- _What the exercise asks_:
Look below for the line that has "Dazzle at any"; output exactly from it through the line that has "Appendiabiti con portaombrelli", and leave the pictures out.

- _Task inputs_:

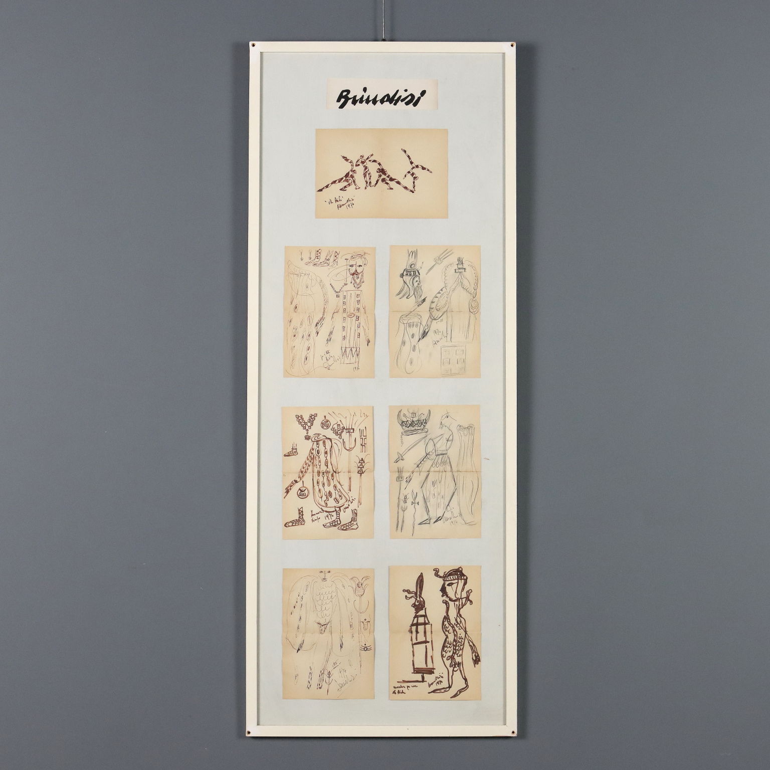 Tecnica mista su carta. Sette bozzetti firmati e datati, e, in alto, la riproduzione della firma dell'artista. Sono lavori dell'importante pittore italiano Remo Brindisi la cui pittura, legata nelle opere giovanili ad un impianto descrittivo e realistico, aggiunge nella maturità sfumature espressioniste, dando vita a un suo linguaggio neofigurativo. La sua produzione è sempre impregnata di intenti sociali e politici. Brindisi lavorò anche come scultore, illustratore, scrittore, scenografo, curatore di iniziative culturali. Proviene da collezione privata milanese. Speciale fu la sua collaborazione per la realizzazione delle grandiose scene e dei costumi per l'edizione dell'Aida all'Arena di Verona del 1974, di cui qui è proposta una serie di sette bozzetti, firmati e datati. In cornice
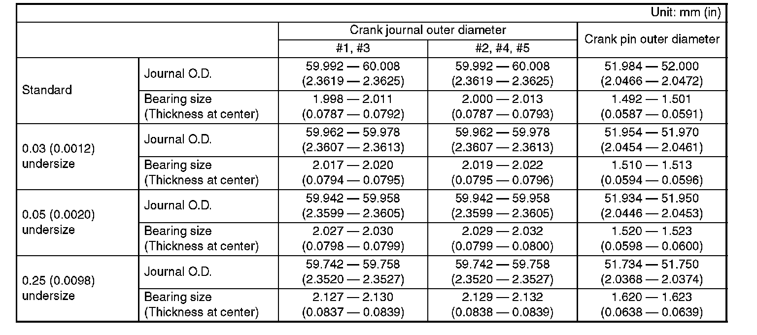 3) Inspect the crank journal and crank pin for wear. If they are not within the specifications, replace the bearing with a suitable (undersize) one, and replace or recondition crankshaft as necessary. When grinding the crank journal or crank pin, finish them to the specified dimensions according to the undersize bearing to be used.
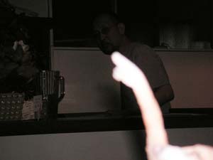 料理を作ってるお店の人。(良く言うと)ジャンレノ似のおもしろいオジサンです。
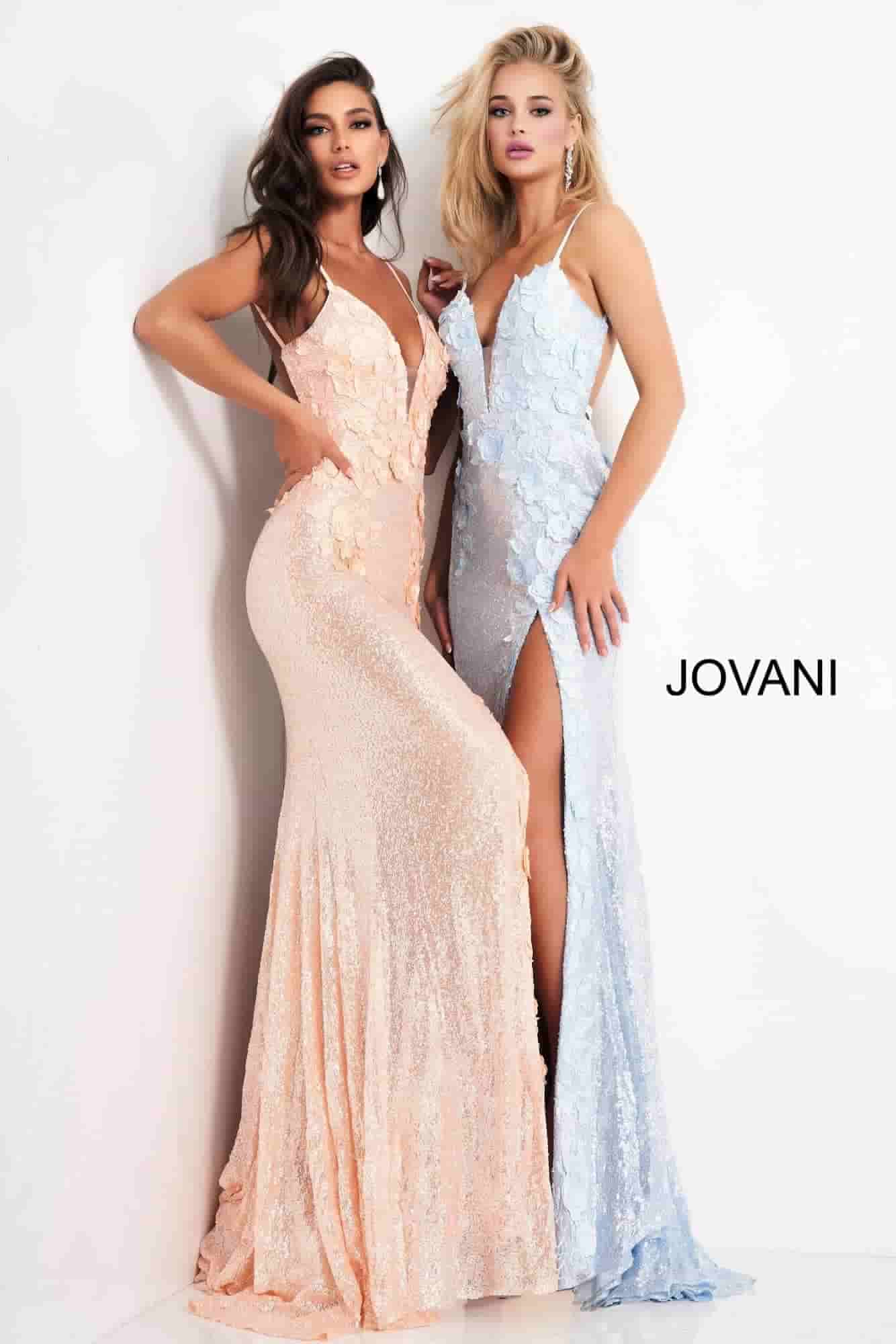 Dazzle at any event in this stunning spaghetti strap sequin gown, designed with intricate rosette appliques. The dress features a v-neckline, high slit, and mermaid silhouette that accentuates your curves. Available in multiple colors such as rose gold, orange, light blue, green, ivory, turquoise, and black, this gown is perfect for any formal or evening occasion. The open back adds a touch of allure, while the full-length design ensures elegance.
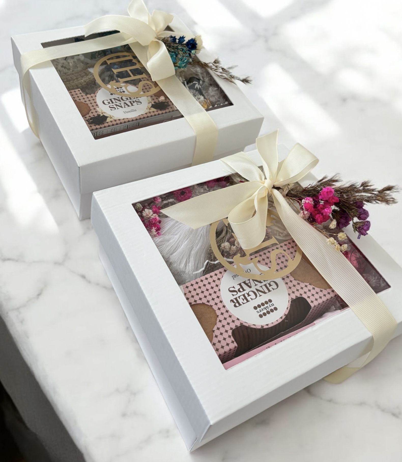 - pudełko o wymiarach 20x20x10 od polskiego producenta, ekologiczne wiórki ozdobne, ozdoby kwiatowe (suszone i sztuczne) satynowa wstążka
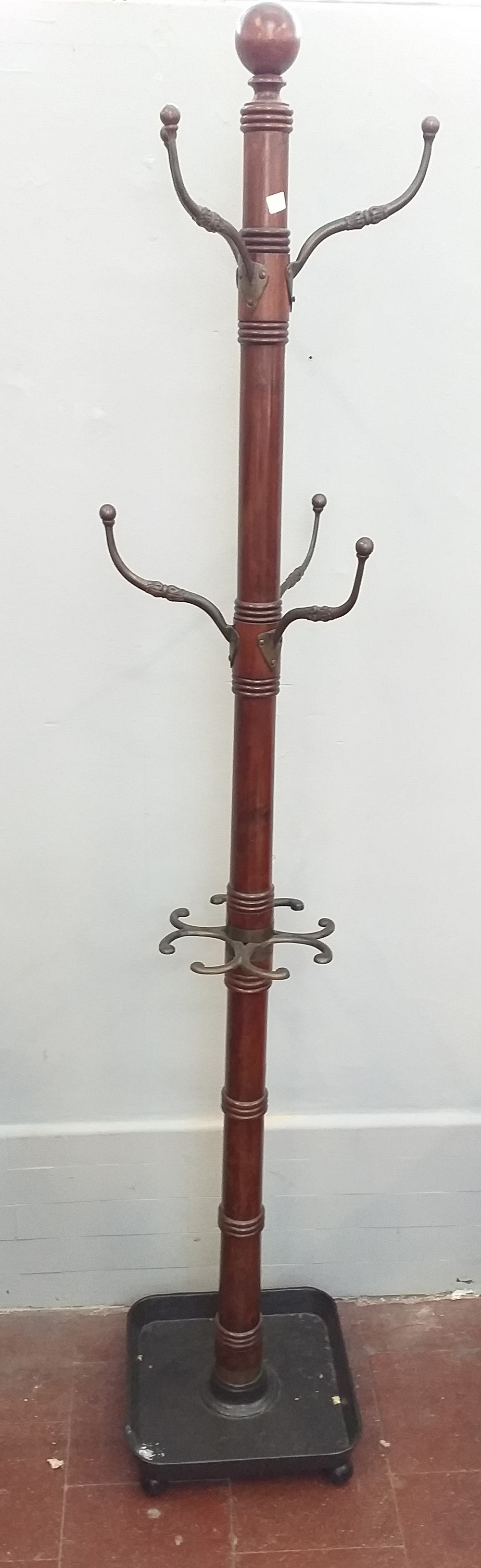 Appendiabiti con portaombrelli in legno tornito con braccia in metallo (h cm 200)(lievi difetti)
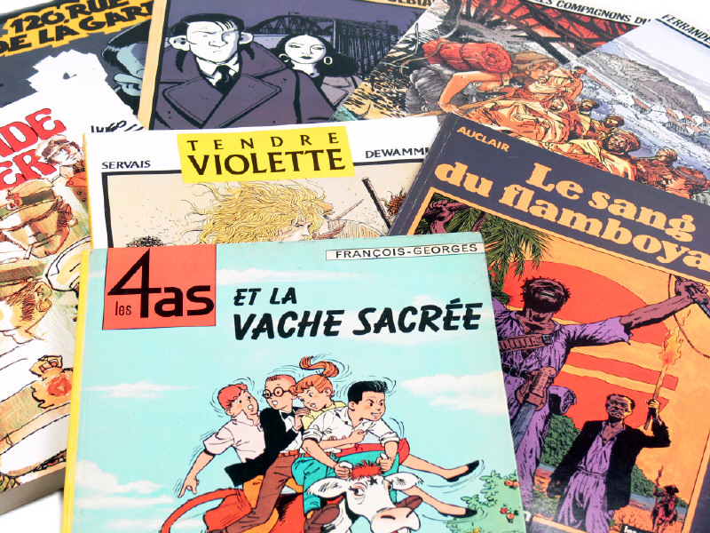 on y retrouve les auteurs : FRANCOIS-GEORGES, AUCLAIR & MIGEAT, SERVAIS & DEWAMME, HUGO PRATT, FERRANDEZ, BOURGEON, LEO MALET & TARDI & Philippe GELUCK
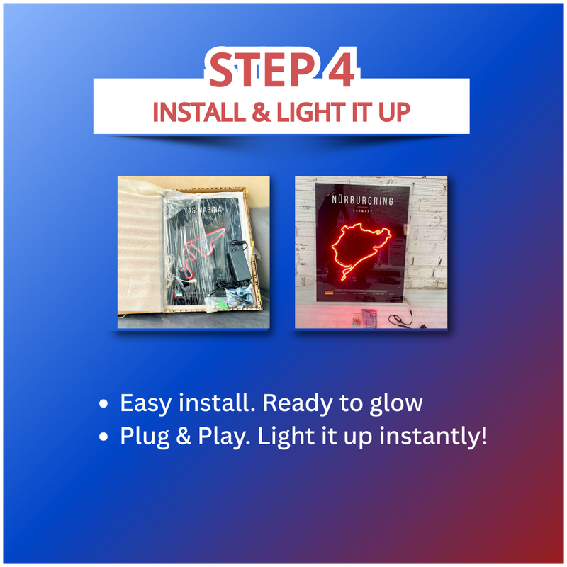 Stylish, handmade LED art of your favourite Grand Prix — perfect for man caves, studios & game rooms.
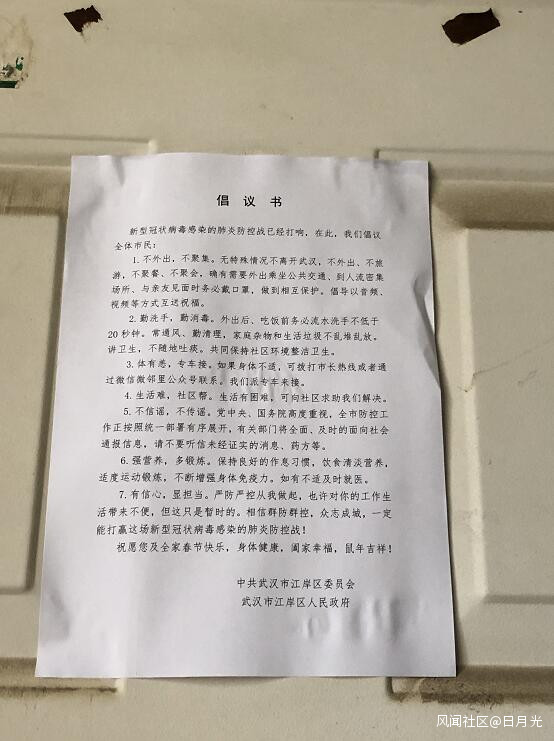 1月23日封城當天物業貼在門口的江岸區倡議書
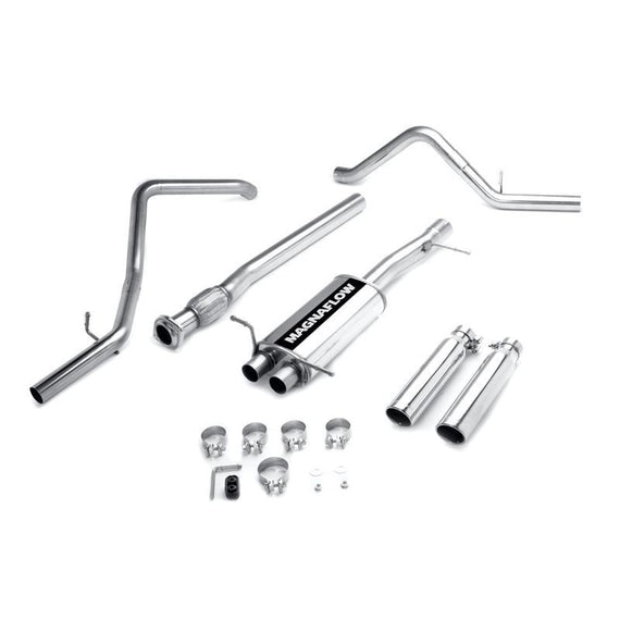 These MagnaFlow performance exhaust systems are as rugged and reliable as the vehicle that you drive. These exhaust kits feature OEM-style barbed hangers for easy installation, mandrel bends to prevent exhaust flow restrictions, and MagnaFlow's legendary straight-through, wide-open, stainless steel muffler to provide a smooth, deep tone outside of the vehicle. All MagnaFlow exhaust systems are factory-checked for proper fitment and dyno-tested to verify performance gains. These kits include all necessary installation hardware and some include a polished stainless steel exhaust tip.
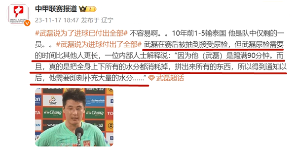 男足球员的体能消耗有多大呢?赛后,本场比赛表现出色的武磊被抽到了接受尿检,而根据中甲联赛报道的爆料,在接受尿检的时候,武磊也是出现了意外的情况。根据爆料,此次尿检,武磊尿检的时间比其他人更长,因为武磊是踢满了90分钟,他已经把全身上下的水分都已经消耗掉,拼出来所有的东西,所以得到通知之后,武磊也是需要补充大量的水分,这也让武磊尿检需要的时间更长。
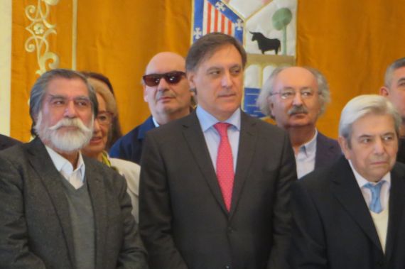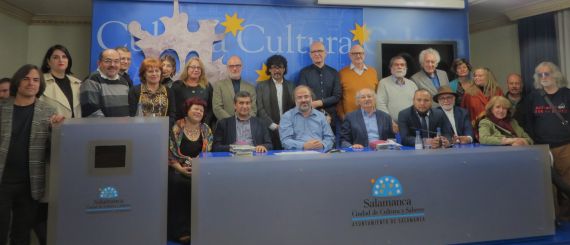 Iván Oñate, Carlos García Carbayo (Alcalde de Salamanca) y el maestro António Salvado. Atrás, Pilar Fernández Labrador, Muñoz Quirós y Antonio Colinas (foto Jacqueline Alencar)
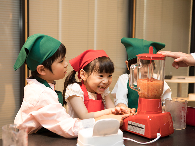 話を聞いたあと、子供たちはオスミックトマトを使ってトマトジュースを作ったり、さまざまなトマト料理の試食をしたりする中で、トマトの新しい魅力を発見していく。
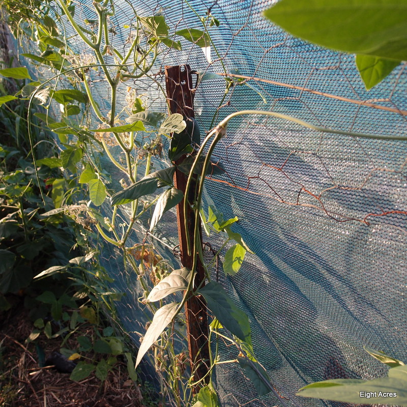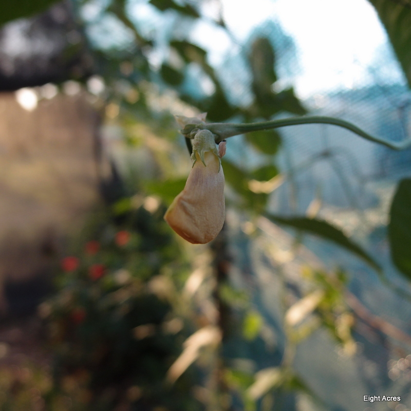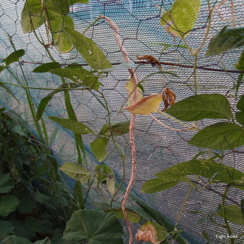 Vigna unguiculata subsp. sesquipedalis also known as yardlong bean,long-podded cowpea, asparagus bean, pea bean, or Chinese long bean. You might have guessed from that, it is a LONG bean, up to 30cm in my experience. Apparently sequipedalis means "one and a half feet", so it must get even longer in some conditions. It is a different genus to the common bean and more closely related to cow peas and mung beans. Snake beans grow on vines and seem to prefer hot and wet weather, but will tolerate dry better than common beans, and will certainly produce better in the heat. Like common beans, they do not survive frost and start to die back when overnight temperatures cool off. The plant produces two flowers off each stem and these grow into beans, sometimes it seems like its overnight, but they can be hard to spot because at first they just look like stems and then suddenly you realise the vine is covered in beans! They are also really hard to photograph, as you can see. Any that get too big can be left to dry off, and used either as dried beans or seeds.

- _Solution to this task_:
 Dazzle at any event in this stunning spaghetti strap sequin gown, designed with intricate rosette appliques. The dress features a v-neckline, high slit, and mermaid silhouette that accentuates your curves. Available in multiple colors such as rose gold, orange, light blue, green, ivory, turquoise, and black, this gown is perfect for any formal or evening occasion. The open back adds a touch of allure, while the full-length design ensures elegance.
 - pudełko o wymiarach 20x20x10 od polskiego producenta, ekologiczne wiórki ozdobne, ozdoby kwiatowe (suszone i sztuczne) satynowa wstążka
 Appendiabiti con portaombrelli in legno tornito con braccia in metallo (h cm 200)(lievi difetti)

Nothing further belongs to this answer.